(Collected data)
----
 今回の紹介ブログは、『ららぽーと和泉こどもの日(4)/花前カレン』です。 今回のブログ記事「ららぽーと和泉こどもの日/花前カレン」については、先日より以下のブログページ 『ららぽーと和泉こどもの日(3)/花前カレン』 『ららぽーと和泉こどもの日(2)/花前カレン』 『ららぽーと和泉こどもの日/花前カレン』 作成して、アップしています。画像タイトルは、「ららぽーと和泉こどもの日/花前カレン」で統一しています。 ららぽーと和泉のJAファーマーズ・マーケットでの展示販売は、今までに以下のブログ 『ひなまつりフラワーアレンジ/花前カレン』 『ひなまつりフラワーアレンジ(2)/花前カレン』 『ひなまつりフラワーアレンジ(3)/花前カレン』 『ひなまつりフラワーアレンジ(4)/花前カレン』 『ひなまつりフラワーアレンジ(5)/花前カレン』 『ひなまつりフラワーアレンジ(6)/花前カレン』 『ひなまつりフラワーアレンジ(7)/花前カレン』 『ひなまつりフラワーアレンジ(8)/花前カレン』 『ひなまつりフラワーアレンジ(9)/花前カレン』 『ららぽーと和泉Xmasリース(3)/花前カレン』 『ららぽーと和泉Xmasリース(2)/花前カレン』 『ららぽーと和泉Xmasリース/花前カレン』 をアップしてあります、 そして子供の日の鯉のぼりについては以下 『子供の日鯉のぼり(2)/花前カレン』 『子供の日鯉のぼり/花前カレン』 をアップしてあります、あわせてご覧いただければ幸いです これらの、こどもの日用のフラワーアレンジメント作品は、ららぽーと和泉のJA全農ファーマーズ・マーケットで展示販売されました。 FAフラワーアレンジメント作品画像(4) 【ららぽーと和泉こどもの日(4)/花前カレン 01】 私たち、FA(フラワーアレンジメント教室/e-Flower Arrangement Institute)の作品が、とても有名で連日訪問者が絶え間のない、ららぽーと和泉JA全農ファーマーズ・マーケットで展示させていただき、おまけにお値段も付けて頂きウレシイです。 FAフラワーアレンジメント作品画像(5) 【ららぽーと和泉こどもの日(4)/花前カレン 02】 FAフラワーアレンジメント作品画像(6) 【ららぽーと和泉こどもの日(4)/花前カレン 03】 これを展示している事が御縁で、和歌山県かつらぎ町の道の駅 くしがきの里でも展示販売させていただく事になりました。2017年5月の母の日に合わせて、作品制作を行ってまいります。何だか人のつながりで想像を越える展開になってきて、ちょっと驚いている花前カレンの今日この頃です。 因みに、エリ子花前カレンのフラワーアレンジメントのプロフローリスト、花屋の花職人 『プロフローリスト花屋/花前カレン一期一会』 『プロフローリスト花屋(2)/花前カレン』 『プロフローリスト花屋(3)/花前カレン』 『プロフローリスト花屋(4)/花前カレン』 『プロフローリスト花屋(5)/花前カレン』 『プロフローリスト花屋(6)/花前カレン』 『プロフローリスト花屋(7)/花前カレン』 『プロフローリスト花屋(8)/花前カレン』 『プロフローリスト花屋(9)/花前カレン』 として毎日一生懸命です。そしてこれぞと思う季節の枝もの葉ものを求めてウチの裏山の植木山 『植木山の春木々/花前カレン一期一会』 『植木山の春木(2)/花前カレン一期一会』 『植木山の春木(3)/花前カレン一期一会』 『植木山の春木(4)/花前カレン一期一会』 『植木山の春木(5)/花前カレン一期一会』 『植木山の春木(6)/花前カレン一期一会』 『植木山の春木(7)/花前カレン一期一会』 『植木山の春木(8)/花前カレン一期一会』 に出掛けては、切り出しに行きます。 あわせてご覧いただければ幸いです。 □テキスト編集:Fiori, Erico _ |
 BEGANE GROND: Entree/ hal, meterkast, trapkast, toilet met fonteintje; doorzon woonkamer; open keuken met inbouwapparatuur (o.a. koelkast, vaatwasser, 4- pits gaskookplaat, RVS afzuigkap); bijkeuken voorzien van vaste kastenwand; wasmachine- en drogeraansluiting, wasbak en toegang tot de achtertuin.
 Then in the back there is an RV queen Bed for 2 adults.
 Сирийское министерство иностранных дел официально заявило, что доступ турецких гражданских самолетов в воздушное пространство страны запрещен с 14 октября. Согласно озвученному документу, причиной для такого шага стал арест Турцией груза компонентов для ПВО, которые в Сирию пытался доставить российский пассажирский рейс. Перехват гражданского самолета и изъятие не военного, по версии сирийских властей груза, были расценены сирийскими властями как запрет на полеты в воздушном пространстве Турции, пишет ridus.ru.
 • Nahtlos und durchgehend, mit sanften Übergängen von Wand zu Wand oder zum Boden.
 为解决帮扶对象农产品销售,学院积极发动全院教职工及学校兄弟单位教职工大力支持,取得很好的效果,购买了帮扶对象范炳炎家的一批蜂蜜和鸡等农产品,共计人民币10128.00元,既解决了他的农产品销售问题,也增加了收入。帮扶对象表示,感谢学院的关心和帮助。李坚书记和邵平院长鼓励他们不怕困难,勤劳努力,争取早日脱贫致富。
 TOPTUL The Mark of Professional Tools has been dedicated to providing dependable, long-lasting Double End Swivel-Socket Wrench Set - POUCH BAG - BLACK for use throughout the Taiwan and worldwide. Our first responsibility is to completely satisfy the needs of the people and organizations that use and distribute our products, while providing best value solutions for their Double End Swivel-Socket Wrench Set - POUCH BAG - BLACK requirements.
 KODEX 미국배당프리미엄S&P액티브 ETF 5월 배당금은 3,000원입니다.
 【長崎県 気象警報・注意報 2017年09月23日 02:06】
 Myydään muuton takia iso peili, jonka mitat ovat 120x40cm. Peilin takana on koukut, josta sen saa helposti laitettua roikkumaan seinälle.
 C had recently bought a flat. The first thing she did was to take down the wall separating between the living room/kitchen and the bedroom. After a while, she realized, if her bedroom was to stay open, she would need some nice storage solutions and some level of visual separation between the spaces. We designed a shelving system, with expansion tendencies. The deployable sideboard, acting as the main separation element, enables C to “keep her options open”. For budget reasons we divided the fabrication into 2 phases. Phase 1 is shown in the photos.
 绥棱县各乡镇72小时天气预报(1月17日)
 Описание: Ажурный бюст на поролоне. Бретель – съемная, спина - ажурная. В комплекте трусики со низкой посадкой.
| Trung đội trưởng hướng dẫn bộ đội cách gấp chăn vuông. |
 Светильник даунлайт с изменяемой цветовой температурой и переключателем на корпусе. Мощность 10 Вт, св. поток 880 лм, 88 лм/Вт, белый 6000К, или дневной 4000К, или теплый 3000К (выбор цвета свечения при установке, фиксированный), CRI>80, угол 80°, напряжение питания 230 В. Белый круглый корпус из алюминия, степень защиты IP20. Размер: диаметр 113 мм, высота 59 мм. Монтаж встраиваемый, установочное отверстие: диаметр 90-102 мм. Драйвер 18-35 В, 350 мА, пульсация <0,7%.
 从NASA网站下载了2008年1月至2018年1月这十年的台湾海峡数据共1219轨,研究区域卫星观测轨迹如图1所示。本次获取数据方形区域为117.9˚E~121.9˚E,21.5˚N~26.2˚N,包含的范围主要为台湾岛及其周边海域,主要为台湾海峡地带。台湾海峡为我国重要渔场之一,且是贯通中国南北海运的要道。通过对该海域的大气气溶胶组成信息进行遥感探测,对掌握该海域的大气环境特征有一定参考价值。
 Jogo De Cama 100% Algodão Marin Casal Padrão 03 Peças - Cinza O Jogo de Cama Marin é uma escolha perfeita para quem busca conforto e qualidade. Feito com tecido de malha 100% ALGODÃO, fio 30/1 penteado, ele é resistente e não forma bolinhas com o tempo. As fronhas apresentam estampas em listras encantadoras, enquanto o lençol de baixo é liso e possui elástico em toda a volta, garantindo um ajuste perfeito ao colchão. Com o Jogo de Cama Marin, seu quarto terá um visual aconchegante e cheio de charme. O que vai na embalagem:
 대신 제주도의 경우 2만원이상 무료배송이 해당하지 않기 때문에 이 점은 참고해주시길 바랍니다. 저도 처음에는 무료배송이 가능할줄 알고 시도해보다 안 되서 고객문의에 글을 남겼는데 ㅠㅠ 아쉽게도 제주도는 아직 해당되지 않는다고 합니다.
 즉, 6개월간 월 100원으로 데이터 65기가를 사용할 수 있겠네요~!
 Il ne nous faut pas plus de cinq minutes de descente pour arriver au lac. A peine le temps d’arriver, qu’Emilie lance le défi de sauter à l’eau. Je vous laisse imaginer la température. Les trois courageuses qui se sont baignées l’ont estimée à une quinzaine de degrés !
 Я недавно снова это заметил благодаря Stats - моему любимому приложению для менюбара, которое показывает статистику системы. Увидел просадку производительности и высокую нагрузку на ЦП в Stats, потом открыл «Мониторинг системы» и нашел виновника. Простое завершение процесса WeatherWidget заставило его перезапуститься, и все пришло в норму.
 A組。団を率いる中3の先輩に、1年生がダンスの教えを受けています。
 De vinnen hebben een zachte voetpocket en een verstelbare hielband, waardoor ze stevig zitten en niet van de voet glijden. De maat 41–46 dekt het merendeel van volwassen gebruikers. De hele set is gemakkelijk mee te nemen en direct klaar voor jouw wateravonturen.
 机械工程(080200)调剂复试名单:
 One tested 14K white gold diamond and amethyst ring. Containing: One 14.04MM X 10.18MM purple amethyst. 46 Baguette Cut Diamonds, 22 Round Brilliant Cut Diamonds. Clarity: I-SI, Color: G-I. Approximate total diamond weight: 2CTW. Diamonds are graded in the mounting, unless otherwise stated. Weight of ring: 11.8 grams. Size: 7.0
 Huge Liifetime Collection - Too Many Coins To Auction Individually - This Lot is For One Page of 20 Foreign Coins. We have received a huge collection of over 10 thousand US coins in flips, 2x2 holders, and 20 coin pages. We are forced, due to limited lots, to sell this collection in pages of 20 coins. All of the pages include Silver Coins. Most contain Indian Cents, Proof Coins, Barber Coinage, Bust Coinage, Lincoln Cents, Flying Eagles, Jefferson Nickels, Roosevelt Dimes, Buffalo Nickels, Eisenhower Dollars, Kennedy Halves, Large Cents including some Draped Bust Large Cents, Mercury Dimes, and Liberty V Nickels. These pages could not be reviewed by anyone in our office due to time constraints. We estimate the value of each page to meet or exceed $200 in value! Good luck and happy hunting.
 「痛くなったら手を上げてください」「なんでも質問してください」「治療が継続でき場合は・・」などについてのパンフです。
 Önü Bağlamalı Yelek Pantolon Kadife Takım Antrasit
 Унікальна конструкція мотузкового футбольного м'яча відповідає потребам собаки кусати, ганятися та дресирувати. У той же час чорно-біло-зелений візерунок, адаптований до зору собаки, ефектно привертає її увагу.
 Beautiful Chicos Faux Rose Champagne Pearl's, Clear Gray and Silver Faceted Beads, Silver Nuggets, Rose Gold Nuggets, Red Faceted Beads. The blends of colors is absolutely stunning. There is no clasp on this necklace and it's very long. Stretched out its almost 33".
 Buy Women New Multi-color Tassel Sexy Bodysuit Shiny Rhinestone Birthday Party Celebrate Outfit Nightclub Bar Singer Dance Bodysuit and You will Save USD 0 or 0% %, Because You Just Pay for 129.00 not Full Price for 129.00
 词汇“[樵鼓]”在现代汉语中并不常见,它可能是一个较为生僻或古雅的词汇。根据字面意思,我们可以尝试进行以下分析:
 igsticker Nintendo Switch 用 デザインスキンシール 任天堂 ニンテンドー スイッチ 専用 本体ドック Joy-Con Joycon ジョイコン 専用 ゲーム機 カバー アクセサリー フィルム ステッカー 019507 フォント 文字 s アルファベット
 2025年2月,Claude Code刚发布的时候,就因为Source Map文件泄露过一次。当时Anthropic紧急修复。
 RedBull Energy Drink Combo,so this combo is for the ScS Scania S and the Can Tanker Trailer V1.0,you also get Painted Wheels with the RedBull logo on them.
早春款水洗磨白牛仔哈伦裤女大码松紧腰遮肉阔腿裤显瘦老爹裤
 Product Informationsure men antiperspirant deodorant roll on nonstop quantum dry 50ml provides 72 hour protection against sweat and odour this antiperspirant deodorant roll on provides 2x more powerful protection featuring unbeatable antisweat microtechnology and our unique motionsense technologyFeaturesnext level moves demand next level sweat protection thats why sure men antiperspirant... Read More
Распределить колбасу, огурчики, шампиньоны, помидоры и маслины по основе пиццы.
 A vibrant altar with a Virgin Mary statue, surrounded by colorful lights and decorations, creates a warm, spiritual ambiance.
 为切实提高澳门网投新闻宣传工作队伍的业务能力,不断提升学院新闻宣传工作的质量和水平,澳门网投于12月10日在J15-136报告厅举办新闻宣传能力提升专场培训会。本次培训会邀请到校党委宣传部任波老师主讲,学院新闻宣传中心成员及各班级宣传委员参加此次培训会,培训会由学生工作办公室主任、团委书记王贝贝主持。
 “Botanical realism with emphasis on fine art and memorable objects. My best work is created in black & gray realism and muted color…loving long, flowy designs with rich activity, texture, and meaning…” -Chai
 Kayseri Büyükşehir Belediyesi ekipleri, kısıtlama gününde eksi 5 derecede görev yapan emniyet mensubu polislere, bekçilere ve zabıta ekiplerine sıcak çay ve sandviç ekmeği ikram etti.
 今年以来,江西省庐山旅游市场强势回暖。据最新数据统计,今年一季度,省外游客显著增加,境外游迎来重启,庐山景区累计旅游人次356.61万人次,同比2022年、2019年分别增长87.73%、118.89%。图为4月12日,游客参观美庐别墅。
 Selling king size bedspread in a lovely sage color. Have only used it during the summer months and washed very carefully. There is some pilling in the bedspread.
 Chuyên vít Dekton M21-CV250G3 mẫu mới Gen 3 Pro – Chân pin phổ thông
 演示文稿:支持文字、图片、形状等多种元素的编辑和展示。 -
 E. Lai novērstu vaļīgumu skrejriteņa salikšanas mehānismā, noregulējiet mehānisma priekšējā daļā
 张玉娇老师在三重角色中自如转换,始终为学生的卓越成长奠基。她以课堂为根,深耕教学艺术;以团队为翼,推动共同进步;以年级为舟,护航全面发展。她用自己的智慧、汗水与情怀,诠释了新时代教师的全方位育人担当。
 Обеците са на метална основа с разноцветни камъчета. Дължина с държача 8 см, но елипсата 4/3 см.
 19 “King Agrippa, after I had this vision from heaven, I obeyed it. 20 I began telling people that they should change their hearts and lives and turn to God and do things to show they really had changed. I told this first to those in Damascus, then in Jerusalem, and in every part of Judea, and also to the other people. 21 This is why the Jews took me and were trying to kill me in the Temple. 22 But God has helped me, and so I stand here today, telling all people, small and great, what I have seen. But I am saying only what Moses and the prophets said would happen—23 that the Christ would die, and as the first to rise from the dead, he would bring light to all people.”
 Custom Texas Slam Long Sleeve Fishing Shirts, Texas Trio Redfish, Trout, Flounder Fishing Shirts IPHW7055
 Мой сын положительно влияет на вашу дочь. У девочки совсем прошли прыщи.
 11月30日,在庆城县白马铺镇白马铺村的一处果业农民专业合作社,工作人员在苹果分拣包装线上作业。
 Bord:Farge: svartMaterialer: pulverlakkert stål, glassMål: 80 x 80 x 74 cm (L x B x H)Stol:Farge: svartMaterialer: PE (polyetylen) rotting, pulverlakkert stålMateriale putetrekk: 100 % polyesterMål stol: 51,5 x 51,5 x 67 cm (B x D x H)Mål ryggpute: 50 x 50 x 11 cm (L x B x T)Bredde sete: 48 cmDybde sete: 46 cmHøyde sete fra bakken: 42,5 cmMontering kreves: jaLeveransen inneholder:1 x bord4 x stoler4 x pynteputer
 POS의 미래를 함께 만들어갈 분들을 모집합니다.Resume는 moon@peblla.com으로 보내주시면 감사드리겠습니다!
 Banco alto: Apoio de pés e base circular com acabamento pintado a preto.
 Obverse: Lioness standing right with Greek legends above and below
----
[Work instructions]: Check each line above for the string "best" and copy those that have it.

[Written answer]:
 TOPTUL The Mark of Professional Tools has been dedicated to providing dependable, long-lasting Double End Swivel-Socket Wrench Set - POUCH BAG - BLACK for use throughout the Taiwan and worldwide. Our first responsibility is to completely satisfy the needs of the people and organizations that use and distribute our products, while providing best value solutions for their Double End Swivel-Socket Wrench Set - POUCH BAG - BLACK requirements.
 “Botanical realism with emphasis on fine art and memorable objects. My best work is created in black & gray realism and muted color…loving long, flowy designs with rich activity, texture, and meaning…” -Chai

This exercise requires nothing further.